▶ **Your objective**
In the records below, find the line with "طلبة الطب يعتصمون", then copy each line exactly until you have copied the line with "在历史罕见的特大暴雨面前,广西来宾市干部和驻地子弟兵冲在抗洪救灾的第一线,托起了灾区群众的生命之舟。新华社记者 李斌 摄". Leave any picture out.

▶ **Data for processing**
#####

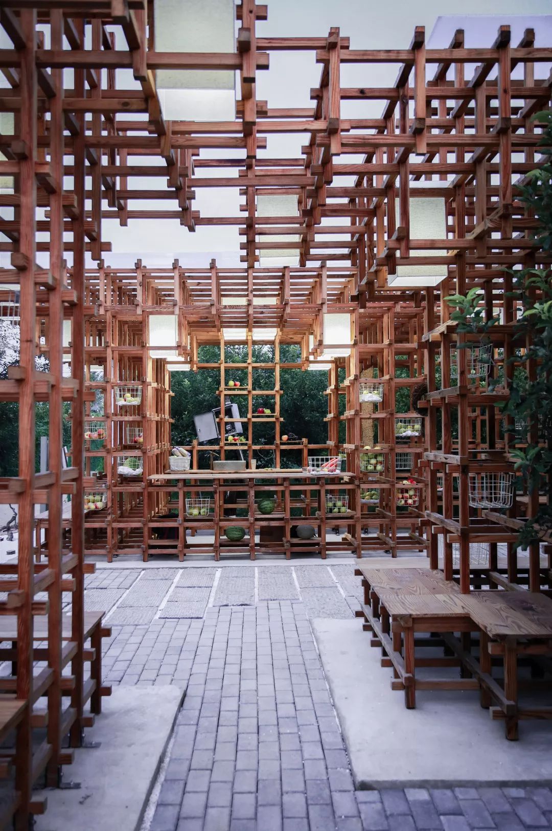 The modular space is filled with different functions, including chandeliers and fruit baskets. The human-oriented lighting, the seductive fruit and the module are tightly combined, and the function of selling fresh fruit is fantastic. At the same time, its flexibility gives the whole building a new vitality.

#####

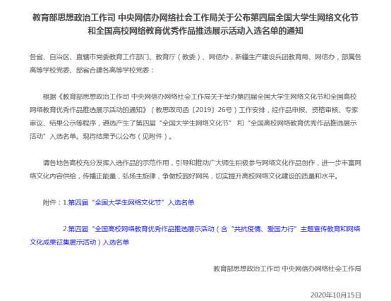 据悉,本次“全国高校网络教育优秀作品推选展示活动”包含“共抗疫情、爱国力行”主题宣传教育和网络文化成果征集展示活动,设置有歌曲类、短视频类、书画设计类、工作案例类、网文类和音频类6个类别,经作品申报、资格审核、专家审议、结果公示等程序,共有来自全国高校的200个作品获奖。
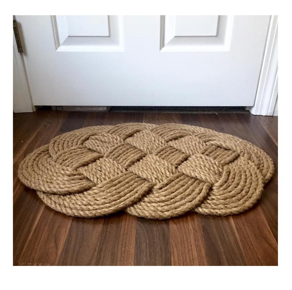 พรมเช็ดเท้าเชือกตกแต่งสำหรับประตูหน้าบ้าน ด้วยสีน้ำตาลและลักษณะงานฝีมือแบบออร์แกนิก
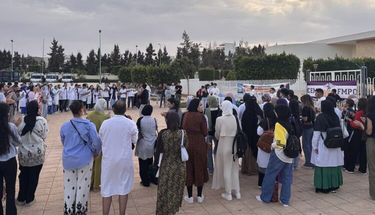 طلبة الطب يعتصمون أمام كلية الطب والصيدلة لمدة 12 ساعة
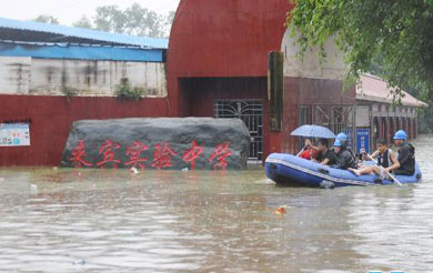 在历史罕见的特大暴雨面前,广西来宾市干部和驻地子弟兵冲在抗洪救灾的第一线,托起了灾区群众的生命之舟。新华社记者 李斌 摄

#####

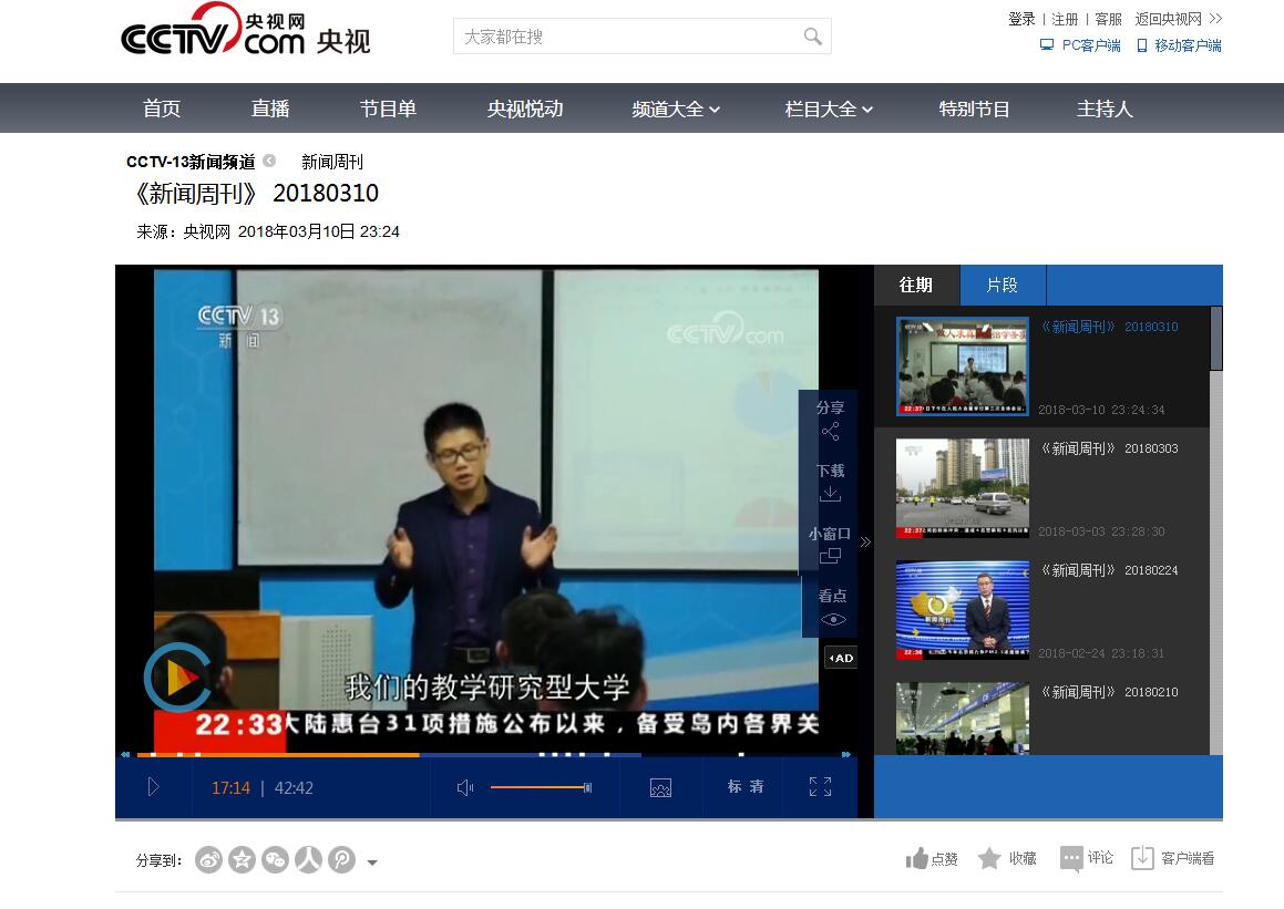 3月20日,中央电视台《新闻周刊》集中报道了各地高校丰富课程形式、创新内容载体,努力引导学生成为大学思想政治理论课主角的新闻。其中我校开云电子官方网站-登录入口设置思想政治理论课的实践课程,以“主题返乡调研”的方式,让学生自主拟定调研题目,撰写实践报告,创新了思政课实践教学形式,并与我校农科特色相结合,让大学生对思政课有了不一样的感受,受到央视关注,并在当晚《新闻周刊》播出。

#####

▶ **Written answer**
 طلبة الطب يعتصمون أمام كلية الطب والصيدلة لمدة 12 ساعة
 在历史罕见的特大暴雨面前,广西来宾市干部和驻地子弟兵冲在抗洪救灾的第一线,托起了灾区群众的生命之舟。新华社记者 李斌 摄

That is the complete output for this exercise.